For the purpose of this hearing it is beyond the AEUB's jurisdiction to
replace Atco as the default service provider by mandating the selection of
one or more default service providers through a competitive bidding process.
Also, in separate hearings the AEUB will be considering the issues of: 1)
more complete unbundling, and 2) the treatment of natural gas production
assets that are presently subsidizing Atco's gas costs.

Given that Enron is in the process of reconsidering its position on utility
hedging and, more particularly, we have a vision of EES "sleeving" products
to customers through the regulated utility, I thought I better brief you on
the position I would like to advance in relation to Atco Gas being mandated
to hedge default supply for its core customers:

Atco should not be directed by the Board to use financial hedging to fix the
price of natural gas supply to its core default customers as this could
impede the development of the competitive retail market and/or delay entry of
new retail participants
the development of a competitive and functional retail market is in the
interests of core customers.
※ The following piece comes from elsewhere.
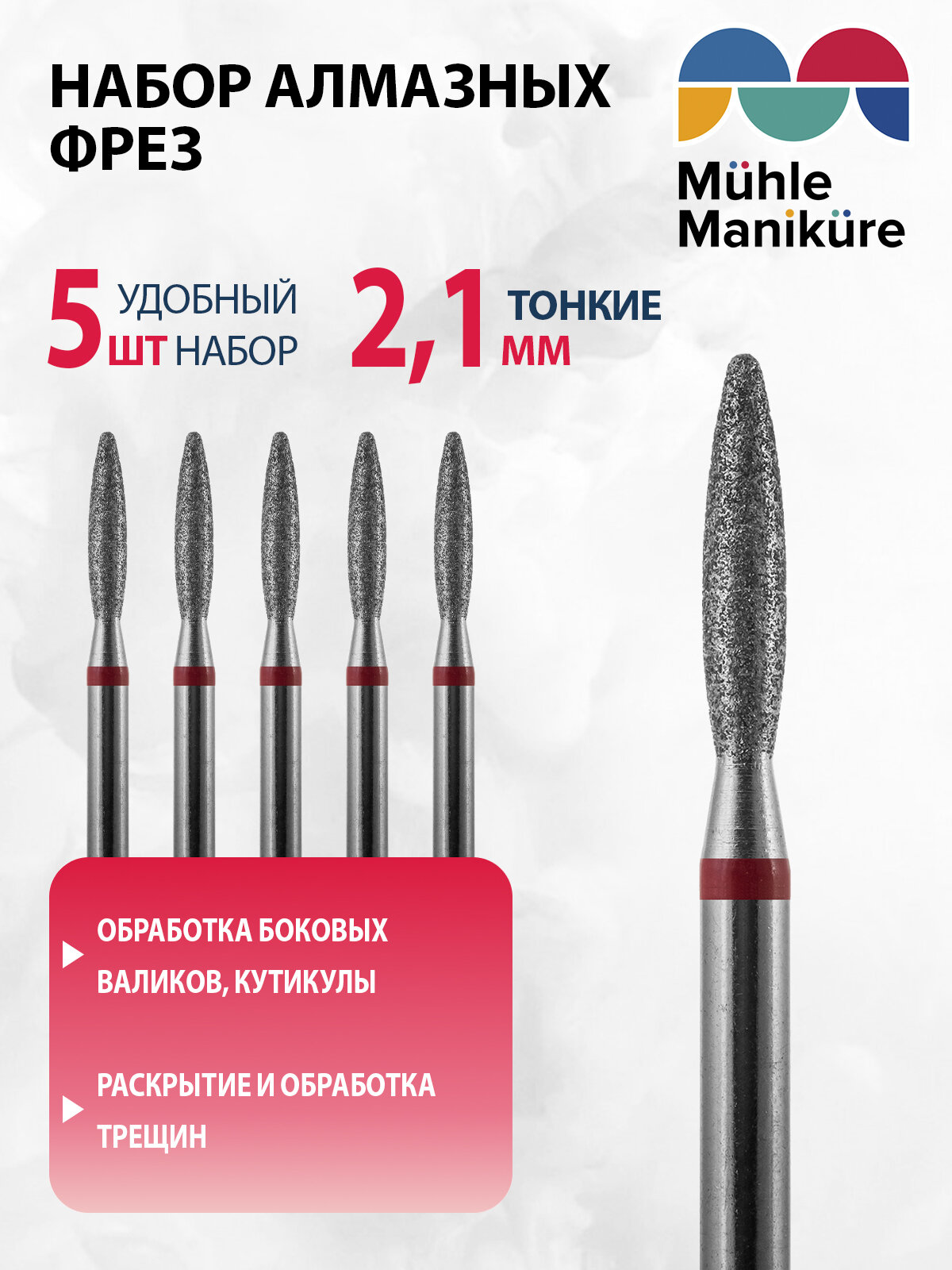 Фреза для маникюра и педикюра алмазная Muhle Manikure для кутикулы 806 244 514 021 Тонкая пламя (упаковка 5 шт) интересное:

With the entry of new retailers will come a
variety of new commodity pricing and term offerings
the pace of entry on new retail market participants should not be a function
of what will ultimately prove to be favorable or unfavorable hedging
decisions made by the incumbent default supplier (i.e. unfavorable hedging
decisions may actually accelate the development of a retail market subject to
this being impeded by the introduction of exit fees to mitigate the stranded
costs that may result from poor hedging decisions and subsequent customers
exercising choice).
it is adminstratively cumbersome and difficult for the Board to approve
hedged rates as it would have an obligation to assess and make determinations
respecting Atco hedging decisions.
commodity price choices should be made by the customer who will be subject to
the risks and benefits of this decision. The decision should not be made on
behalf of all default customers by their default service provider
the Board should focus its attention on the following two issues rather than
on mandating hedging: 1) directing more frequent (rather than seasonal)
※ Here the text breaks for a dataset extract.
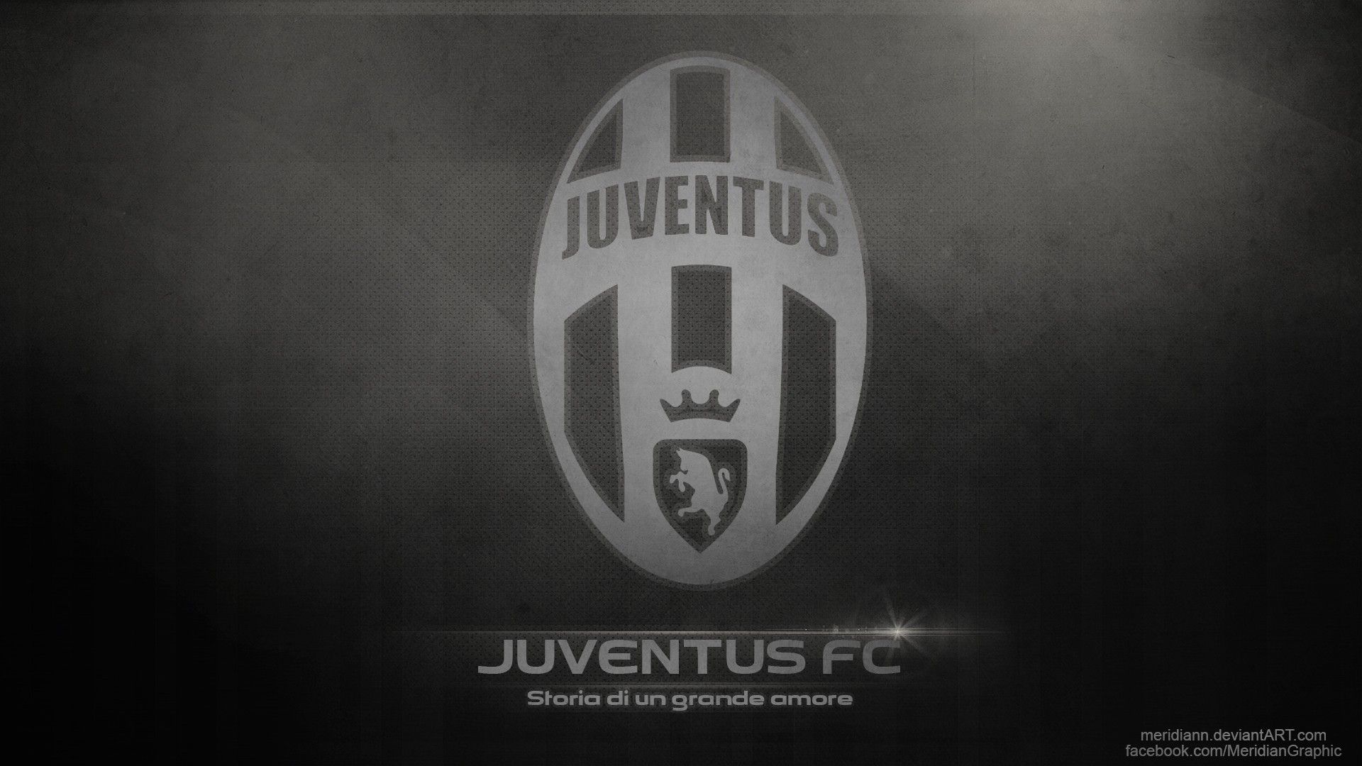 Description: A logo for the soccer team juventus fc on a dark background with a spotlight from the ceiling.

default service commodity rate adjustments so Atco's actual monthly gas costs
are more closely reflected in its default service rates; 2) the upcoming
unbundling proceeding where the Board should ensure that unbundling
principles are adopted that will result in Atco's default supply commodity
costs not being subsidized by improperly functionalized costs from other
distribution business functions.

I apologize for the short notice but your advice on whether my position is
okay would be appreciated by tomorrow.